So, you’re asking about “Dakar Times,” huh? That phrase sure does kick up some dust in my memory. I actually tried to really dig into that whole scene a few years back, not just catch the highlights, but get the nitty-gritty, the real flow of the race. It wasn’t as straightforward as I thought, lemme tell ya.

My big idea was to create my own little command center, my personal “Dakar Times” tracker. I figured, how hard could it be? Famous last words, right? It turned into quite the saga.
My Grand Plan (and How It Immediately Hit Snags)
First off, I thought I’d just find one awesome website with all the live timings, updates, everything. Yeah, right. The official site was okay, but it felt a bit… sanitized? And finding consistent, detailed live data for every competitor was like hunting for a needle in a haystack the size of a desert. Different sites had different pieces, some updated fast, some lagged like crazy.
I wanted a few key things, nothing too wild, or so I thought:
- Stage results, obviously.
- Overall standings, updated pretty sharpish.
- Maybe some little snippets of news or major incidents.
- Heck, even weather conditions at different waypoints would’ve been cool.
So, my first brilliant move was to try and scrape data from a few places. What a headache. One day a site would work, the next its layout changed, or they’d just politely tell my script to get lost. I’m no super coder, just a guy trying to get some info, and it felt like the internet was actively fighting me. I wasn’t trying to build a business here, just satisfy my own curiosity!
The Grunt Work Phase
After banging my head against the wall with automated stuff, I went old school. Yep, manual labor. Each day, or sometimes a few times a day, I’d sit down with a bunch of browser tabs open. The official site, a couple of enthusiast forums, some foreign news sites that seemed to have quicker updates. I’d copy and paste times into a spreadsheet. Glamorous, I know. My fingers got real familiar with Ctrl+C and Ctrl+V.
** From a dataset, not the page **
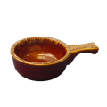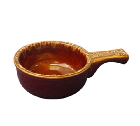 Soup Crock, 12 oz., 5-1/4" dia. x 2-1/4"H, round, 8" with handle, oven/microwave/dishwasher safe, oven safe to 450°F, lead free, stoneware-ceramic, caramel

My spreadsheet started looking like a dog’s breakfast pretty quick. So many numbers, so many names. I tried to get clever with it, though. Started color-coding stuff – green for a good stage, red for trouble. Even threw in some basic formulas to calculate time differences myself, because sometimes the official standings took ages to update those. It was my own little makeshift system.
I even messed around with setting up alerts on social media for keywords like “Dakar” plus a rider’s name or “breakdown.” That was a real mixed bag. You get some nuggets, but also a whole lotta fanboy rants and speculation. Filtering that was another job in itself.
What I Actually Ended Up With
Did I end up with some slick, real-time “Dakar Times” dashboard that would make the pros jealous? Absolutely not. Not even close. What I got was a very messy, overly complicated spreadsheet and a much deeper appreciation for how tough it is to actually gather and present that kind of information consistently.
It made me realize that getting the true “Dakar Times” isn’t just about the numbers. It’s about the stories behind them, the struggles out there in the sand that you don’t always see on the main broadcast. My clunky process, as frustrating as it was, kind of forced me to dig deeper, to piece things together. I learned a ton, not just about the rally, but about how information, or the lack of it, shapes your view of an event.
So yeah, my “practice” was more of a stubborn wrestle with data. It wasn’t pretty, but I felt way more connected to the rally that year than ever before. It was my own personal, slightly chaotic, “Dakar Times” experience. And honestly, I wouldn’t trade that messy spreadsheet for anything. Well, maybe for a system that actually worked without me pulling my hair out.